The bags of gear became a large profile for the wind, constantly trying to push the board sideways. Casey said with something that big, you need the ability to steer. Fins help with stability, too.
They timed massive swell events so they were sheltered inside estuaries, safe from waves that could tip a board, or worse, break it.
But food and water quickly became the main challenges on this leg. The brothers had buried six food drops in plastic totes prior to the journey — which included three dehydrated meals and two snack bars per person, per day — to dig up along the way. But with the coastline as desolate as it was, there weren’t towns along the way for calorie loading.
The pair were also burning calories to simply obtain water to make food and to drink. Making dehydrated meals became an incredibly labor-intensive task, as it took eight gallons of salt water to desalinate into one gallon of fresh.
Luckily, they were met with compassion from the people they came across.
“The generosity of the people of Baja is often overwhelming. We don’t have much to offer in return for the water, food and near familial company,” they wrote in an Instagram post.
“The people just completely saved us,” Casey said. “You’d go days of just being really, really hungry, and you’d get to a fish camp. These guys would take us in and feed us lobster. It was pretty great.”
The Baja coastline is advertised as unpopulated, but compared to the 10-day isolated stretches in British Columbia, the 40-mile gaps between fish camps were small. These “pescadors” also provided the brothers with important weather updates, which helped them avoid some of the extreme conditions they faced on their first leg.
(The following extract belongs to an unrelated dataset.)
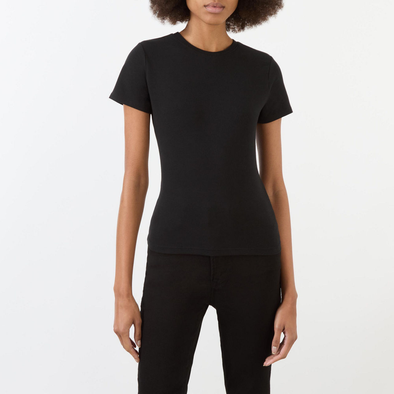 - Crew neck, short sleeves, super-stretch fabric, straight hem, classic design

The brothers were tipped off by locals and were able to outrun a major wind event by skipping a scheduled rest day. Wind leads to waves, and waves mean difficult conditions. A similar event led to a broken board on the first leg in Oregon because, during a big swell, the next set of waves can’t be seen to prepare for it. That event also left them food-rationing on the beach while being blasted by sand as they waited for a new board.
Grueling but ‘fulfilling’
Casey calls their grueling expeditions “fulfilling,” but their bodies may never be the same. To them, it’s a small price to pay.
While they stretched and warmed up better during the second leg, they still dealt with injuries incurred on their first trip, namely spinal and shoulder problems. The body simply isn’t designed to lay prone for 20 miles a day, for months on end.
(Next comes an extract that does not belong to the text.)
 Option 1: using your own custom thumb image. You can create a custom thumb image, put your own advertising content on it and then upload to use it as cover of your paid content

Casey got cortisone shot in his shoulder to help, and Ryan gutted it out.
“If I lay prone long enough, my back will always get some pain from that first Alaska to Mexico,” Ryan said. “But we’re still young.”
“I like to test myself and see how hard I can go and how far I can push it,” Casey said. “It helps build character, I think.”
The brothers are already looking at their next way to get out of their comfort zone. They say it will be somewhere cold because “everyone wants to see you suffer.”
Their ultimate goal is to bring awareness to coastal conservation and noninvasive methods of exploration through a documentary in the works with local filmmaker Kellen Keene.
The pair rattled off names of explorers and trailblazers who had achieved incredible feats of willpower and determination.
Ernest Shackleton. Colin O’Brady. Roald Amundson. Ross Edgley. Could someday the Higginbotham twins be part of that conversation?
“The more miserable the experiences, the better you’re going to come out on the other end,” Ryan said. “As long as nothing terrible happens.”